Ruling out the possibility of financing the construction of the $12 billion Diamer-Basha dam alone, the Asian Development Bank (ADB) said that a consortium of donors would be needed to arrange financing for this project.

“Don’t blame the ADB for walking away from this project as the Pakistani authorities knew our position very well. Alone, we cannot finance this huge project and contribution of other donors is required to make this project a reality,” the ADB’s country director Werner L Liepach said when journalists raised questions about ADB’s willingness to finance this project

He said that some officials of the government seemed desperate to go ahead on this project as early as possible but it could not be done as the ADB did not want to halve the project halfway.

He also made it clear that the ADB had never asked for funding of the Dasu dam. The ADB, he said, did not seek a No Objection Certificate (NOC) from India for the construction of Basha dam.

Explaining the issue of NOC, he said the two projects with ADB funding were approved for Azad Jammu and Kashmir (AJK), and being a disputed territory, the ADB’s board required that there should be no objection raised by anyone.

“India abstained when the ADB’s board approved two projects for AJK,” he added. “These are normal laid down procedures which are followed at time of approval of all projects funded by the ADB,” he maintained.

Sources said it was the World Bank that sought the NOC from India for paving the way for funding this project.
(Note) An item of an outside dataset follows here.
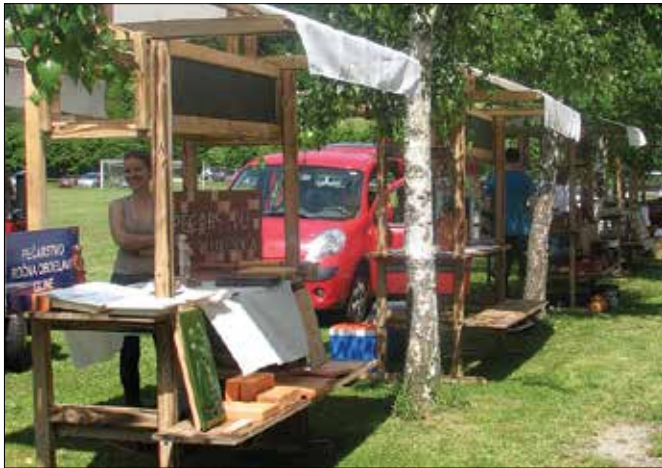
Pevci »veterani« so zapeli pesem o delu kokarskih lončarjev.

rasle. Nastale izdelke so s pomočjo tabornikov Roda Sotočje Nazarje-Kokarje in Turističnega društva Nazarje razstavili na stojnici na sami prireditvi.

The ADB’s country head was of the view that there was delicate difference between seeking the NOC, which practically means endorsement of other country publicly, and seeking nod at time of approving any project at level of board.

The public approval proves difficult for political regime in any part of the world. He also said that there was a need to work on the financing plan for Basha dam. “We cannot do it alone as we don’t have limit to finance such a huge project without involving other donors,” he added.

The ADB funding for Pakistan, he said, was standing in the range of $1 to $1.5 billion on per annum basis so the government would have to take a decision to shift all resources towards Basha but if done so, even then the bank could not finance the whole project.

He said the global financial crisis had also impacted the ADB and resource constraints were very much there.

The ADB is providing $700 million to $1 billion for power sector and other projects are also in the pipeline so it makes it crystal clear that the Manila-based institution is unable to finance it alone.

The government will have to involve other donors as well as the private sector to finance this project, he said, adding that there were some “big challenges” and cookie cut approach would not work here.

“We are not shying away from this project but we want that there should be clear cut institutional mechanism and financing plan so that this project can be completed without cost escalation,” he added.

However, according to sources inside the ADB, the Pakistani officials had discussed the possibility of Chinese funding for Basha dam. The ADB stated that it did not have any objection provided imported machinery ensured quality. If Pakistan can arrange financing from the US, Japan, China or any other country of the world, the ADB would be willing to contribute its share for this crucial project of the country.